El valor de la gran ciencia: avances indirectos
La charla explica cómo investigaciones aparentemente alejadas de lo práctico —como la carrera espacial o la construcción del Gran Telescopio Canarias— generan enormes retornos industriales y tecnológicos: empleo especializado, nuevos materiales, sensores avanzados, óptica de precisión, aplicaciones médicas…
La ciencia básica es un motor económico, aunque sus beneficios no siempre sean visibles de inmediato.
Museos interactivos: aprender tocando
Una parte fundamental de la conferencia se dedica a los museos de ciencia interactivos, inspirados en el Exploratorium de San Francisco y en la idea de Oppenheimer de que la mejor manera de divulgar es permitir al visitante sentir la emoción del descubrimiento.
El lema era claro: hands on, hearts on, minds on (toca, siente, piensa).
De esa tradición nace también el Museo de las Ciencias Príncipe Felipe, cuyo 25.º aniversario se menciona en la conferencia. Su misión: ofrecer una experiencia donde el visitante salga con más preguntas que respuestas, es decir, con la curiosidad reactivada.

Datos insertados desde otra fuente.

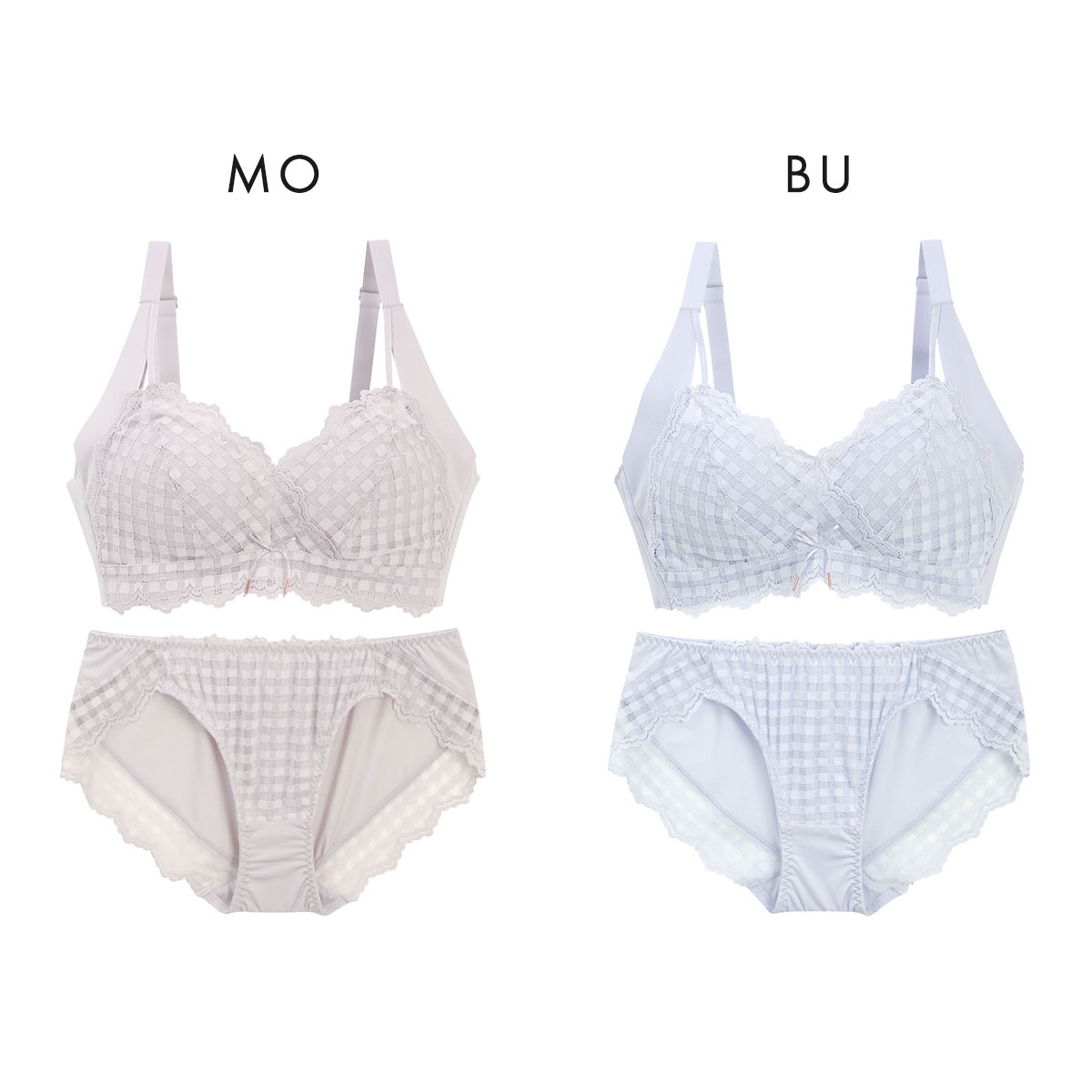 メルトココ ふわとろカップ ノンワイヤーブラ ブラジャー ショーツ セット 脇高 ギンガムチェック(BU-ブルー-M/M)

Pantallas, libros y nuevos modos de difusión
El ponente analiza cómo la lectura digital, la televisión y las plataformas audiovisuales han transformado la forma de informarse. Aunque la pantalla facilita el acceso y simplifica la recepción, la cultura escrita sigue siendo esencial para profundizar y comprender.
Un proyecto para Valencia: la Ciudad de las Artes y las Ciencias
La conferencia concluyó con una reflexión personal sobre la creación del Museo de las Ciencias Príncipe Felipe y su integración en la Ciudad de las Artes y las Ciencias, un complejo que une arte y ciencia como dos dimensiones inseparables de la cultura contemporánea. Su éxito —millones de visitantes al año— demuestra que la sociedad valora estos espacios de aprendizaje, turismo y reflexión.
Conclusión: una única cultura para un mundo complejo
Hoy, más que nunca, no podemos permitirnos la división entre letras y ciencias. Vivimos en un mundo profundamente tecnológico que exige ciudadanos capaces de comprender mínimamente los fundamentos científicos que afectan a su salud, su economía, su medio ambiente y sus decisiones.
La cultura del siglo XXI no es “de letras” ni “de ciencias”: es una sola cultura, diversa, integrada y curiosa.